Show us the fish. Fish in stores are mislabeled all the time. I remember when TBS_Dave was trolling and i wanted to punch his lights out. I always assume real, but I'm a pessimist. I mean a common goldfish in a 2.5 hex, gotta be a troll, right? In a week, it won't be able to turn around. I didn't doubt it for a minute. 
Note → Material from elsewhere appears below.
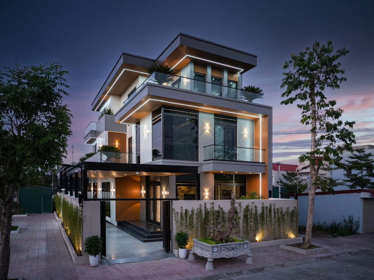 Mặt ngoài công trình xếp lớp các khối hộp lệch nhau, viền LED chạy dọc mép mái và lan can tạo đường nét sắc nét khi về đêm.

The longer I keep fish, the bigger tanks I recommend. My fish grow bigger and more aggressive every year, easily outgrowing the "max size" on the signs and the web. if I put temporarily put fish in a "too big" tank I see them grow bigger, show better color, and I see behavior I never saw in the "right size" tank. I'm with L that no one keeps fish in the right size tank.


----------



## Albino_101 (Aug 14, 2008)

I agree, if I had the space and money I would definitely buy over sized tanks for my fish, technically fish are wild caught in rivers and lakes which have thousands of gallons of water, I honestly cant imagine a fish feeling at home in 30 gallons of swimming space long term. when the signs and web say max size that is assuming you but the recommended size tank, which most likely stunts fish growth, I wonder how big a school of 12 lemon tetras would get in a 455 gallon tank.


----------



## Obsidian (May 20, 2007)

Oh man 101, you gotta do it!!! I want to see the lemons in that tank. That would be beyond fun 

I like the idea of a bunch of smaller fish in a larger tank. I am going smaller in my 100 gallon rather than bigger
The Rosy Barbs and the Giant Danios are the biggest things in there. Well okay the plecos are big too. But even those are not commons. I am looking to set myself up with a school of 20-25 black neons, 15-20 cherry barbs and at least one school of something else. I can see this clearly in my mind. It will be so cool!


----------